Practically, this can contribute to:
- Insights on ongoing resource allocation
- Tracking performance of physicians and practitioners
- Identify patients who may be at a high risk of disease
- Track the health of populations at large
All of that makes for more affordable and accessible operations and, ultimately, better patient care.4
Of course, none of the above matters without a commitment to securing patient and hospital data. Maintaining cybersecurity has been an important part of any organization’s existence ever since the internet started. Considering the shifts to digital platforms and telemedicine, robust cybersecurity is likely to see just as much of an upward trend. This ensures protection for the data of patients and providers and prevents the disruption of care.
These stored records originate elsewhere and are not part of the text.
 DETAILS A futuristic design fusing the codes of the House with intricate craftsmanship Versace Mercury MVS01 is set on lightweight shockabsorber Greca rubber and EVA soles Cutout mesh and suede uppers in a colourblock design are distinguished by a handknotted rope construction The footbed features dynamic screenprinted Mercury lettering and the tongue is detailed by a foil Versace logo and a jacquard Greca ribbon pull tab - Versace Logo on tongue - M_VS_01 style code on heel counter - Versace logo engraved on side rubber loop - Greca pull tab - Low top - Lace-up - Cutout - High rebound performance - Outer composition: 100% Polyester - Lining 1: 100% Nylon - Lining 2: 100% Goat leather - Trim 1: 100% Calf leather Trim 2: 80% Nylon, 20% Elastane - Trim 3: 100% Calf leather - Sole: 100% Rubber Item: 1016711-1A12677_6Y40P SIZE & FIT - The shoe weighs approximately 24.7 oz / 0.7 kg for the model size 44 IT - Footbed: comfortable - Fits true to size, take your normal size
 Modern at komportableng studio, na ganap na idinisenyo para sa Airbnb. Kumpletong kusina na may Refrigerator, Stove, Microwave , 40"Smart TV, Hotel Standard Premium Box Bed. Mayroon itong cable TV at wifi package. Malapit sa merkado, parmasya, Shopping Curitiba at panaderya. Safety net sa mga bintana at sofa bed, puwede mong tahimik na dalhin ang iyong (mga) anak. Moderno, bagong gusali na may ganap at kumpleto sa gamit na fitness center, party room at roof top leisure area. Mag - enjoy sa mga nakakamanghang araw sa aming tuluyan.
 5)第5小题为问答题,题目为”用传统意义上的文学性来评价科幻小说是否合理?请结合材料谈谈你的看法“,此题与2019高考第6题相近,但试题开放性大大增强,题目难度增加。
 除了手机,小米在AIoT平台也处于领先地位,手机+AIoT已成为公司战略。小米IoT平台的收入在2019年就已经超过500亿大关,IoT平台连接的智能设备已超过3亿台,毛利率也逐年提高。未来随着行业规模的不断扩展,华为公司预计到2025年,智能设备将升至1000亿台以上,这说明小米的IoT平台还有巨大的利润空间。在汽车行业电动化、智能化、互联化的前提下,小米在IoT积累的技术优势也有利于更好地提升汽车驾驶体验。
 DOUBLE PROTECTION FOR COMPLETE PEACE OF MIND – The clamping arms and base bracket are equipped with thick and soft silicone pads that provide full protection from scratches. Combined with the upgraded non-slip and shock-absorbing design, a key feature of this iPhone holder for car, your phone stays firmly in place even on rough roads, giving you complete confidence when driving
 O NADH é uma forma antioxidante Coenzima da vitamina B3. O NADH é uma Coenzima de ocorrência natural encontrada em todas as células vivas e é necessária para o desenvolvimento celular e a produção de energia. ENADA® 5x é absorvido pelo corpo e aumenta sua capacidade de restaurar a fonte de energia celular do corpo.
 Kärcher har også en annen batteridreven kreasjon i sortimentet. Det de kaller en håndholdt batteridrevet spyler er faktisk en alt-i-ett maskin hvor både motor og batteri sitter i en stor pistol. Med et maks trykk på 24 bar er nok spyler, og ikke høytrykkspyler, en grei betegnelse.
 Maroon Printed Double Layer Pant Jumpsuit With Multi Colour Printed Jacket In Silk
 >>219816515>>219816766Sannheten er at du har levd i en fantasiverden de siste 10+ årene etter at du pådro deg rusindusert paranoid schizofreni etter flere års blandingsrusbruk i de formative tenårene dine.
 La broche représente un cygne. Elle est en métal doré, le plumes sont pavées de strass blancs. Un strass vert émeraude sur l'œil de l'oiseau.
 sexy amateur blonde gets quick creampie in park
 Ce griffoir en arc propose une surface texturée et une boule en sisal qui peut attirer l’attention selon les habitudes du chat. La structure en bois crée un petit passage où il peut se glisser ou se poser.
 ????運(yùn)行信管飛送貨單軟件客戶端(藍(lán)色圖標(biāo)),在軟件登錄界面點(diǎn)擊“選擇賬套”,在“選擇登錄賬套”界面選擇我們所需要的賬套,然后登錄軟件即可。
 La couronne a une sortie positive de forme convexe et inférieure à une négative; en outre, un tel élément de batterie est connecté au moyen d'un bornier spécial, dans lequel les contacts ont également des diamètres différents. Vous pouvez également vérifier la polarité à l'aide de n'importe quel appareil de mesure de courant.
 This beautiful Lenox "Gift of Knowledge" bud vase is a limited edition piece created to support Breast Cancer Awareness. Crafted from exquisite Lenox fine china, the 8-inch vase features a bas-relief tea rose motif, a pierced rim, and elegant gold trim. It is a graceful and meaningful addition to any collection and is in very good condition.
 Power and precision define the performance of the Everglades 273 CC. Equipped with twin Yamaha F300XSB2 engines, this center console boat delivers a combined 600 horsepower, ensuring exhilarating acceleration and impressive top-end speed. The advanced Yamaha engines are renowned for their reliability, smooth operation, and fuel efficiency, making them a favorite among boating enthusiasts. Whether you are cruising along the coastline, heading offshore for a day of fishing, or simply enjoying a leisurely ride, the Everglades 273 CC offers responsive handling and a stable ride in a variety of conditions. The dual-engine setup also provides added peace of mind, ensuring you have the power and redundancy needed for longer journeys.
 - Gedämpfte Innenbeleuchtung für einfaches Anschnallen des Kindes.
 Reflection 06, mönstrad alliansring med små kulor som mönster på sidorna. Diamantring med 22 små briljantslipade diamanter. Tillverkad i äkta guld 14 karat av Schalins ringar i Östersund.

Of course, as the threats in the digital landscape are constantly shifting, cybersecurity itself has to evolve as well. Eliminating threats completely is close to impossible, but providers can still mitigate risk as much as possible. Manufacturers can remain vigilant and identify potential risks and hazards, while health care delivery organizations can evaluate network security to protect hospital and healthcare facility systems.5
Pinpointing the exact trajectory of digital healthcare (and healthcare in general) isn’t easy, but we do know that trends in technology can contribute to some promising developments in digital healthcare. The growth of interconnectivity and the more efficient transfer of medical data are sure to make digital care more ubiquitous in people’s lives. This will hopefully lead to greater accessibility to medical care and a greater focus on everyday health.